(Stored data entries)
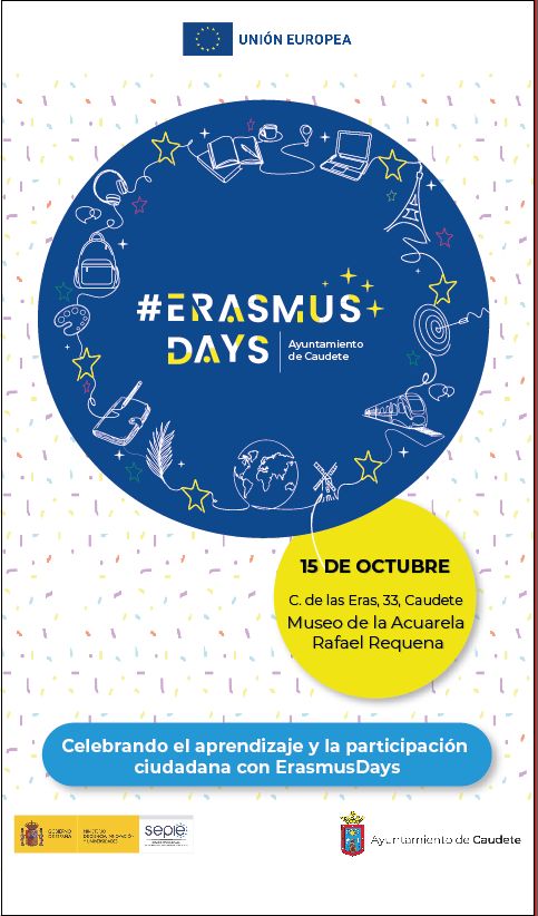 El Ayuntamiento de Caudete informa de la celebración de sus Jornadas ErasmusDays 2025, el próximo día miércoles, 15 de octubre, de 10.00 a 14.30 horas, en el Museo de la Acuarela Pintor Rafael Requena de la localidad.
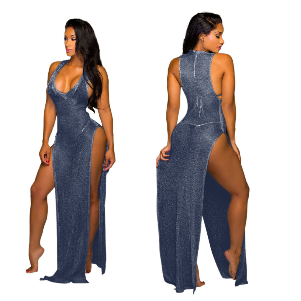 Women Beach Sexy High Split Elastic Sleeveless V-neck Tank Maxi Slim Bodycon Dress Party Night Club Long Dresses Vestido
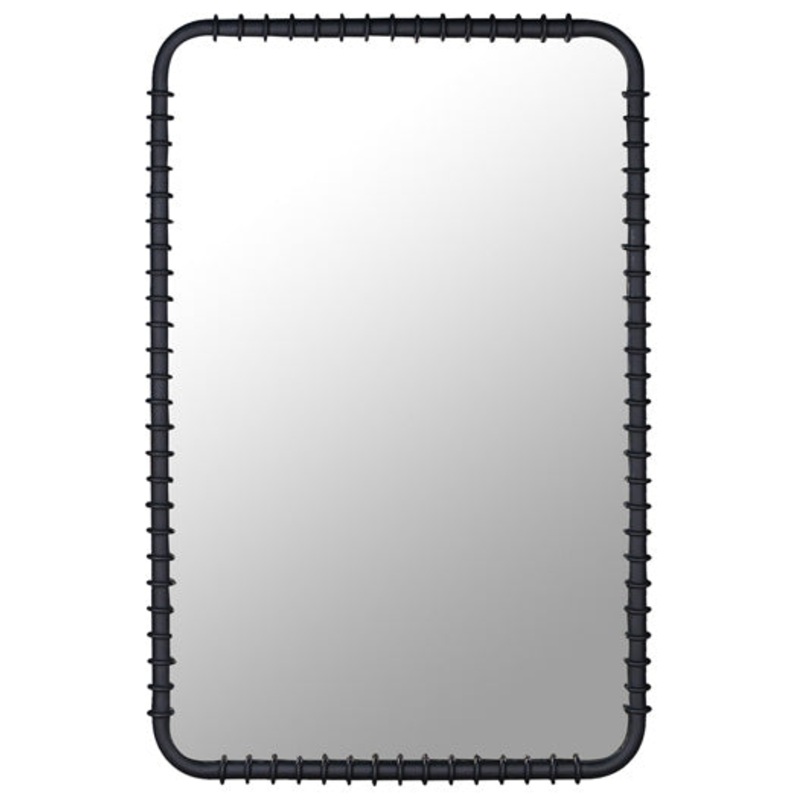 This accent mirror’s sleek black finish and ribbed design add a touch of contemporary chic to any room. Its versatile hanging options allow you to display it vertically or horizontally, making it easy to complement your existing decor. The clean lines and simple shape create a modern and minimalist feel, while the substantial frame adds a touch of boldness.
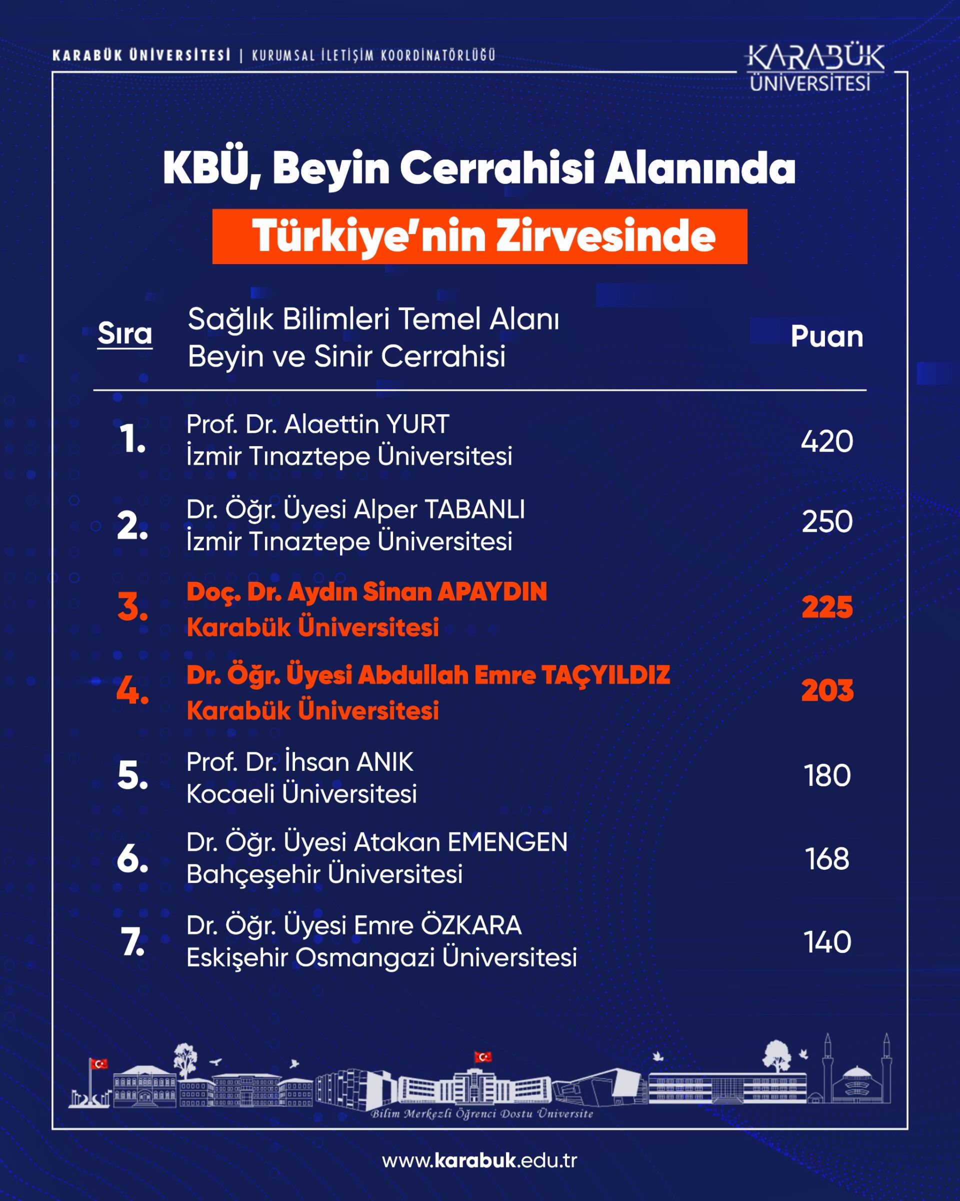 Karabük Üniversitesi Beyin ve Sinir Cerrahisi Anabilim Dalı, bu iki ismin başarısıyla birlikte Türkiye’de beyin cerrahisi alanında akademik üretim bakımından örnek gösterilecek bir pozisyona ulaştı. Aynı anabilim dalından iki öğretim üyesinin ülke genelinde ilk beş içerisinde yer alması, hem fakülte hem de üniversite düzeyinde sürdürülen akademik vizyonun bir sonucu olarak öne çıkıyor.
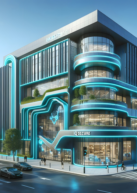 a outside view a building for a luxury technologies security company named iq secure in blue and green tones
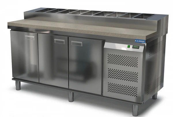 Стол для пиццы Камик СОП-3018576К используется на предприятиях общественного питания и торговли для хранения пиццы, салатов, сэндвичей и других блюд и ингредиентов к ним в охлажденном состоянии.
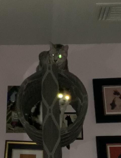 Here's another pic of us in the dark. Our hooman didn't edit this pic or make it lighter. My eyes are super bright cause I'm looking directly into the camera's flash. The shine comes from that reflective layer at the back of my eyes called the 'tapetum lucidum." Spirit sits above me but he's not looking so directly into the flash of the camera.
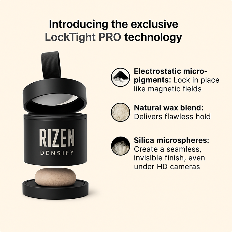 Why spray and loose fibers fail... and how RIZEN™ Densify revolutionizes hair concealment with LockTight Pro Technology.

● Description of the task
Each record above is to be copied out exactly; its pictures are not.

● Exercise answer
 El Ayuntamiento de Caudete informa de la celebración de sus Jornadas ErasmusDays 2025, el próximo día miércoles, 15 de octubre, de 10.00 a 14.30 horas, en el Museo de la Acuarela Pintor Rafael Requena de la localidad.
 Women Beach Sexy High Split Elastic Sleeveless V-neck Tank Maxi Slim Bodycon Dress Party Night Club Long Dresses Vestido
 This accent mirror’s sleek black finish and ribbed design add a touch of contemporary chic to any room. Its versatile hanging options allow you to display it vertically or horizontally, making it easy to complement your existing decor. The clean lines and simple shape create a modern and minimalist feel, while the substantial frame adds a touch of boldness.
 Karabük Üniversitesi Beyin ve Sinir Cerrahisi Anabilim Dalı, bu iki ismin başarısıyla birlikte Türkiye’de beyin cerrahisi alanında akademik üretim bakımından örnek gösterilecek bir pozisyona ulaştı. Aynı anabilim dalından iki öğretim üyesinin ülke genelinde ilk beş içerisinde yer alması, hem fakülte hem de üniversite düzeyinde sürdürülen akademik vizyonun bir sonucu olarak öne çıkıyor.
 a outside view a building for a luxury technologies security company named iq secure in blue and green tones
 Стол для пиццы Камик СОП-3018576К используется на предприятиях общественного питания и торговли для хранения пиццы, салатов, сэндвичей и других блюд и ингредиентов к ним в охлажденном состоянии.
 Here's another pic of us in the dark. Our hooman didn't edit this pic or make it lighter. My eyes are super bright cause I'm looking directly into the camera's flash. The shine comes from that reflective layer at the back of my eyes called the 'tapetum lucidum." Spirit sits above me but he's not looking so directly into the flash of the camera.
 Why spray and loose fibers fail... and how RIZEN™ Densify revolutionizes hair concealment with LockTight Pro Technology.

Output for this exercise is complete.